Data:
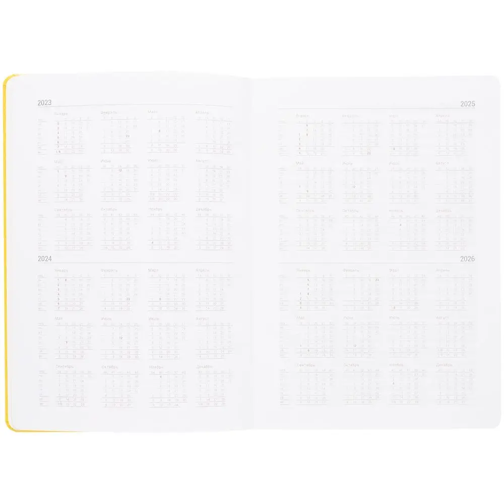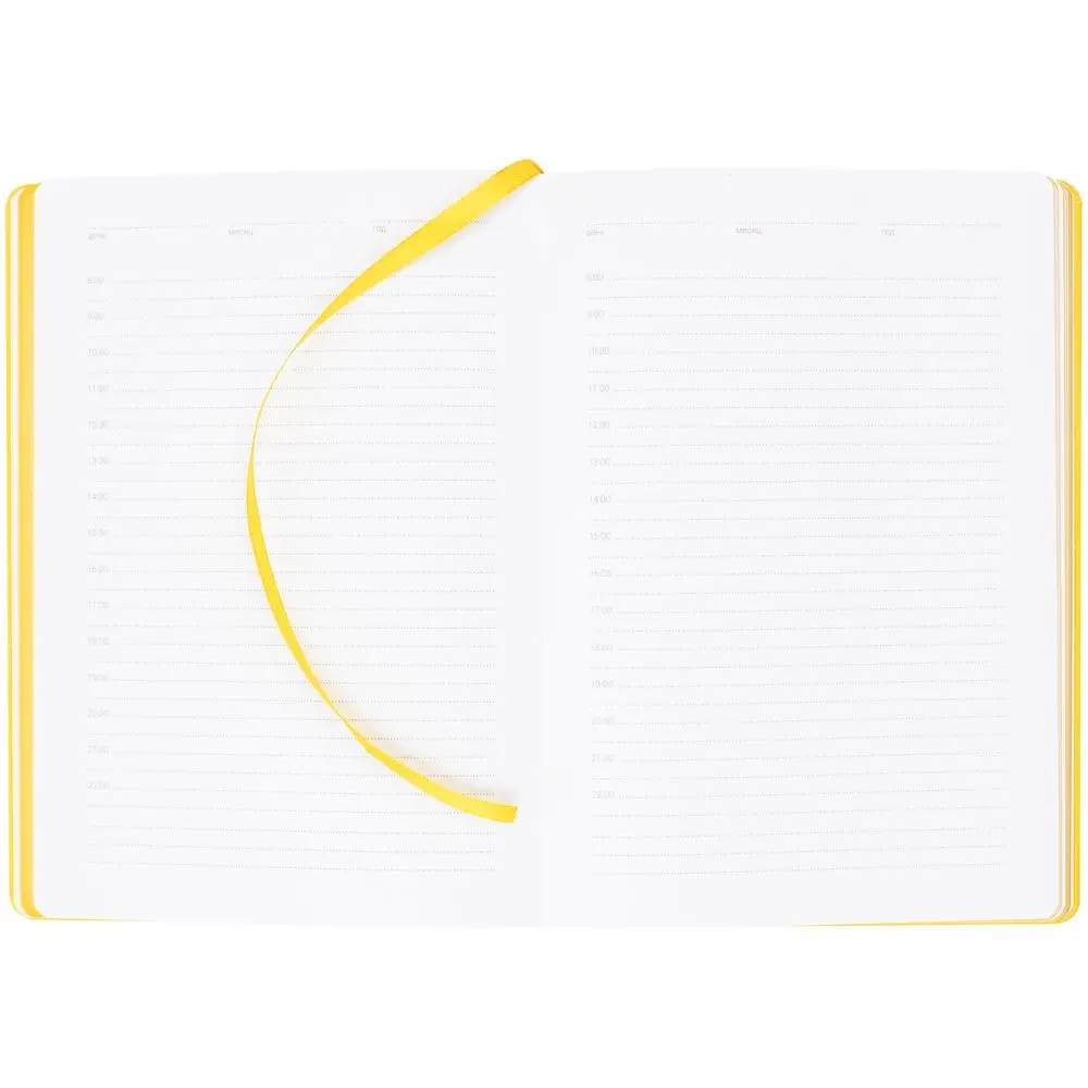 Ежедневник с твердой обложкой, выполнен из материала Latte, желтый КК, обрез зеленого цвета, дополнен ляссе желтого цвета и резинкой с металлическим шильдом.
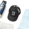 - A organic cotton front, a recycled polyester-mesh back and brim and an adjustable snap closure
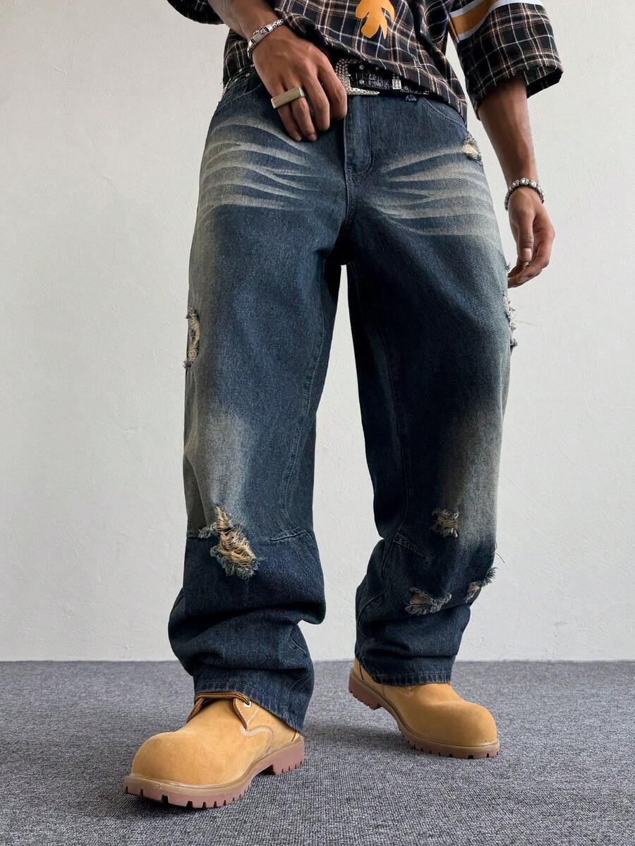 PAVTROS 男士做旧设计休闲百搭日常穿着阔腿牛仔裤

Instructions to follow:
A faithful copy of the data is required: each word kept, each picture omitted.

Solution for this problem:
 Ежедневник с твердой обложкой, выполнен из материала Latte, желтый КК, обрез зеленого цвета, дополнен ляссе желтого цвета и резинкой с металлическим шильдом.
 - A organic cotton front, a recycled polyester-mesh back and brim and an adjustable snap closure
 PAVTROS 男士做旧设计休闲百搭日常穿着阔腿牛仔裤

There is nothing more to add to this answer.